If sin α + sin β=a and cos α+cos β=b,

If $\sin \alpha+\sin \beta=a$ and $\cos \alpha+\cos \beta=b$, prove that

(i) $\sin (\alpha+\beta)=\frac{2 a b}{a^{2}+b^{2}}$

(ii) $\cos (\alpha-\beta)=\frac{a^{2}+b^{2}-2}{2}$


The given equations are $\sin \alpha+\sin \beta=a$ and $\cos \alpha+\cos \beta=b$.

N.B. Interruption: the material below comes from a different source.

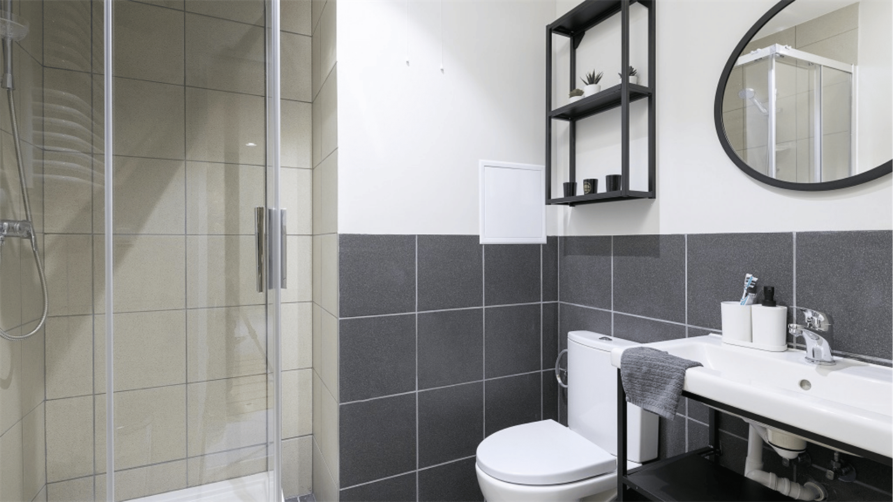 Do dyspozycji masz dużą, oddzielną kuchnię z nowoczesnymi meblami, lodówką, płytą elektryczną i stołem, przy którym można wspólnie zjeść albo pogadać z sąsiadami. A jeśli chodzi o łazienkę – jest wygodna i wyposażona w prysznic, lustro oraz praktyczne miejsce na ręczniki i kosmetyki.

$\because \sin C+\sin D=2 \sin \frac{C+D}{2} \cos \frac{C-D}{2}$

$\therefore 2 \sin \frac{\alpha+\beta}{2} \cos \frac{\alpha-\beta}{2}=a \quad \ldots(1)$

Now, using the identity $\sin C+\sin D=2 \sin \frac{C+D}{2} \cos \frac{C-D}{2}$ for the LHS of $\cos \alpha+\cos \beta=b$, we get

$2 \cos \frac{\alpha+\beta}{2} \cos \frac{\alpha-\beta}{2}=b$         ….(2)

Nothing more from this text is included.